5) It’s uncomfortable to identify with the people described in this book, but should we? Do we? The author briefly mentions his own identification both with Darrell Madden and Madden’s victim Steve Domer. What can a reader get out of experiencing such feelings?

6) Who’s really gay or bisexual or straight? The author says that Steve Mullins now identifies himself as “bisexual” but adds that one of Mullins’ friends considers the killer “basically straight” because his bisexuality doesn’t appear “innate.” Are there two kinds of sexuality corresponding roughly to the “genotype” and “phenotype” of biologists, that is, inborn and expressed? Is one more privileged than the other?

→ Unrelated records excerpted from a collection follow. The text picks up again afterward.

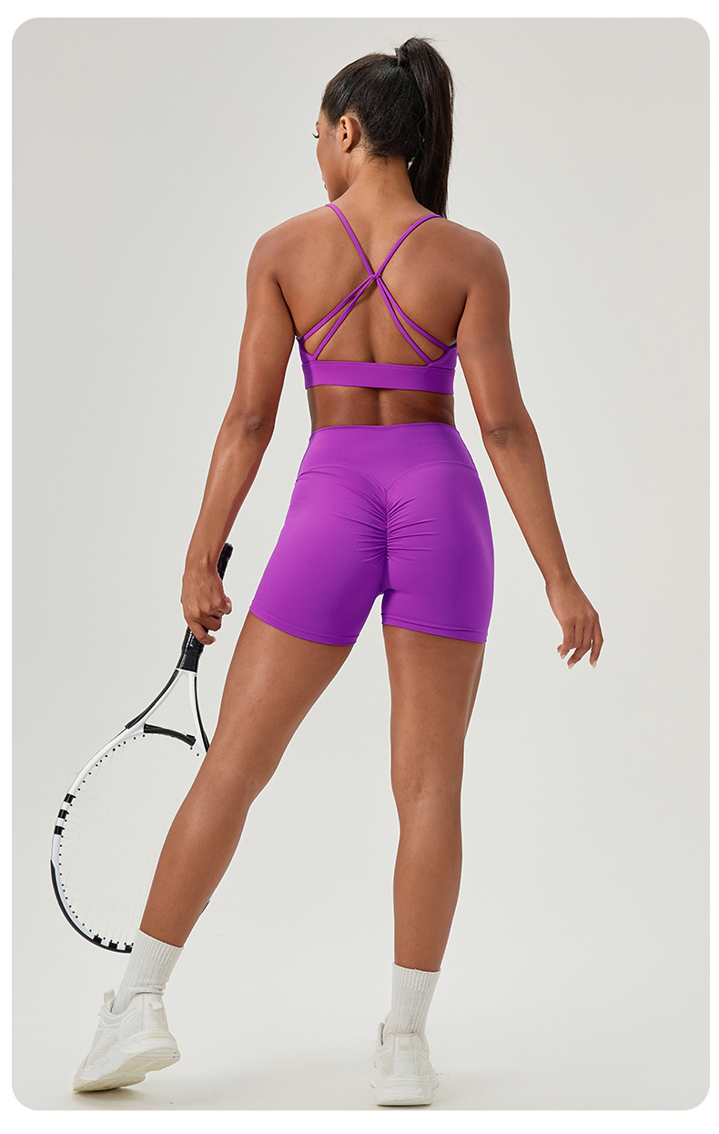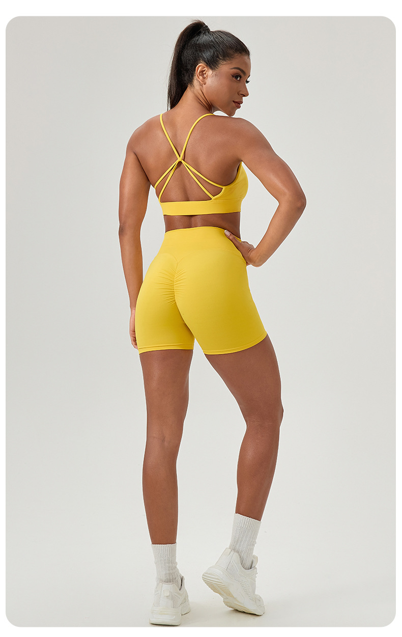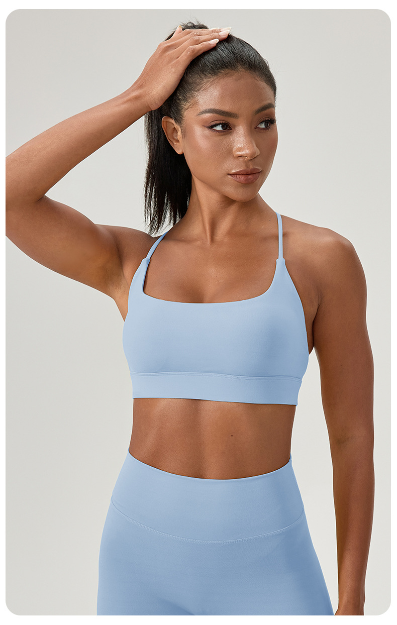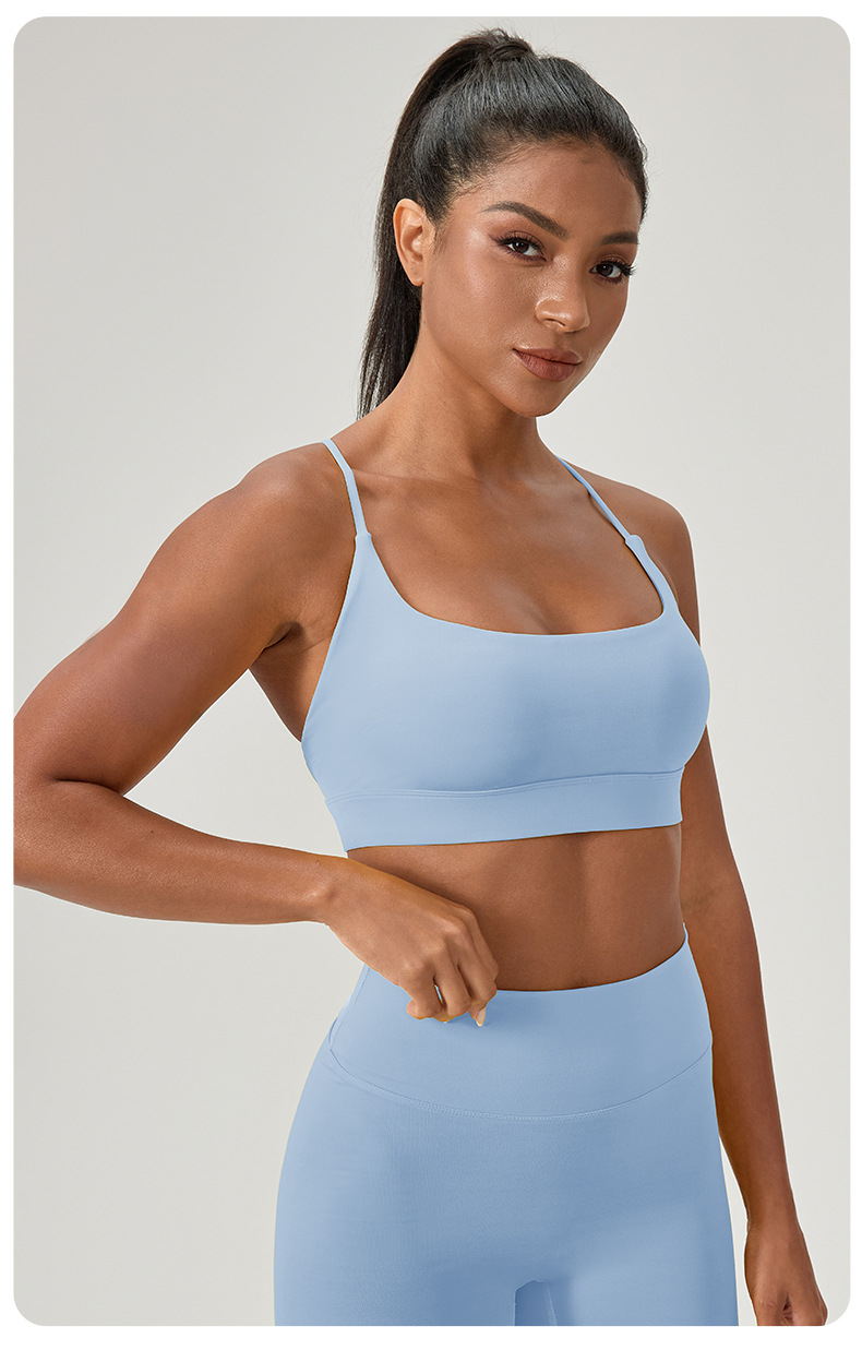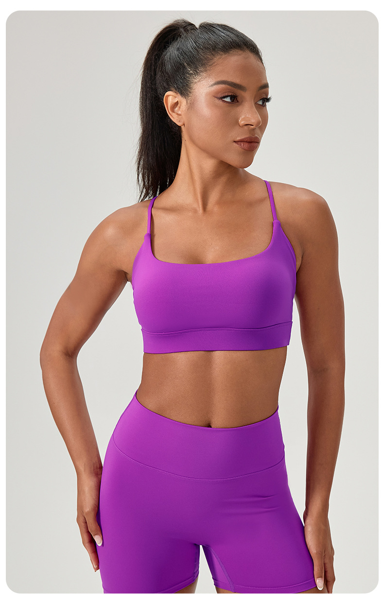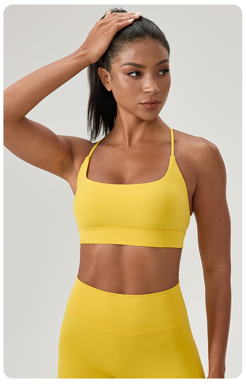 2022 new triangle beauty back fitness sports bra thin shoulder straps gathered nude yoga bra
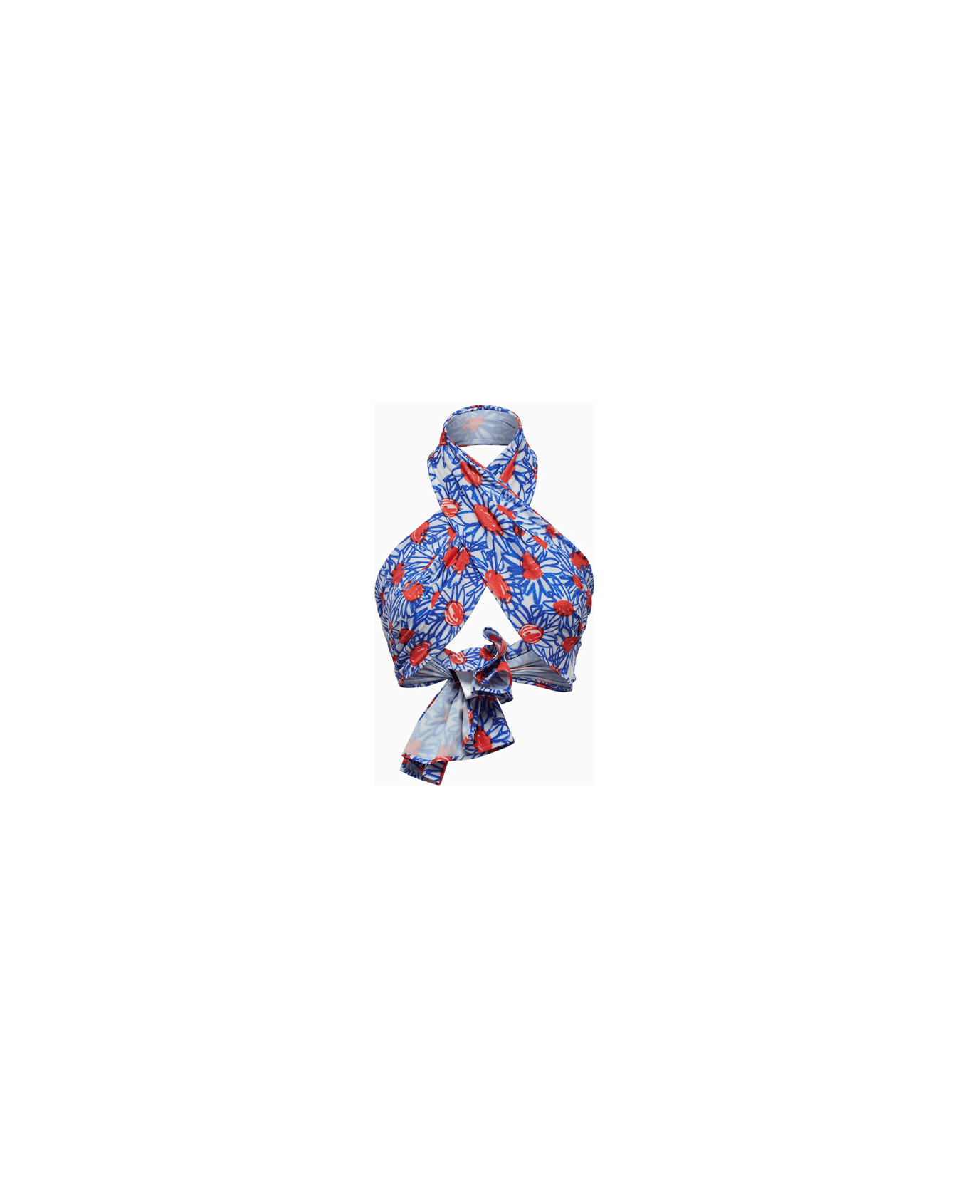 bandeau top in fabric with all-over floral print. slim fit. composition 73% polyamide 27% elastane.
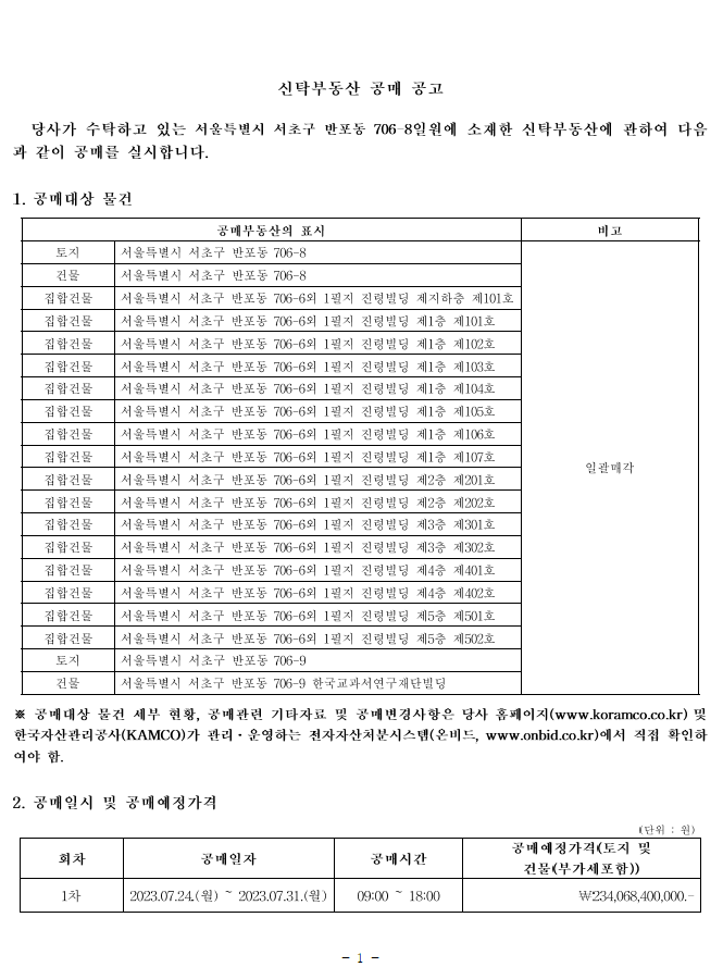 유찰 서울특별시 서초구 반포동 706-8일원에 소재한 신탁부동산 공매

7) The sexual roles of top and bottom form a ground bass to many people’s notions of masculinity (often treated as winner/loser or strong/weak). Does moral content inhere in either role? Is one or the other good or bad? Why?

8) The writer comes to these stories from a literary viewpoint, not that of an activist or of a gender studies or gay studies academic. How might the treatment of an academic or activist have differed? And what does his perspective have to offer academics and activists?

9) The author seems to follow the pattern of legal “case histories,” one enriched by literary technique, in recounting these crimes. Is his tone the legal pose of objectivity or classic artistic coldness? Do the author’s opinions or prejudices eke through in places? Does he seem an honest broker? Do you feel able to make your own judgments about what happened?

10) Masculinity or ideas of masculinity are key to the events described in the book. Will women and men have fundamentally different readings of these cases? Gay and straight people?

11) Is there a real relationship between sex and violence or is it just a resemblance? Recent studies show the human brain processes simile and metaphor quite differently. Scientists were amazed to see widely separated parts of the brain become active when a person hears, for example, “The snow is sugar” and “The snow is like sugar.” What might happen if we tried the experiment using the words “sex” and “violence?”

12) Because the book concentrates on the link between ideas of sex and violence in a purely masculine context, all the cases involve gay victims or victims thought to be gay. But the violence described could easily have been visited on members of any out-group, Jews, African-Americans. To what extent does youthful masculine violence seem directed at a particular group and to what extent is it simply explosive?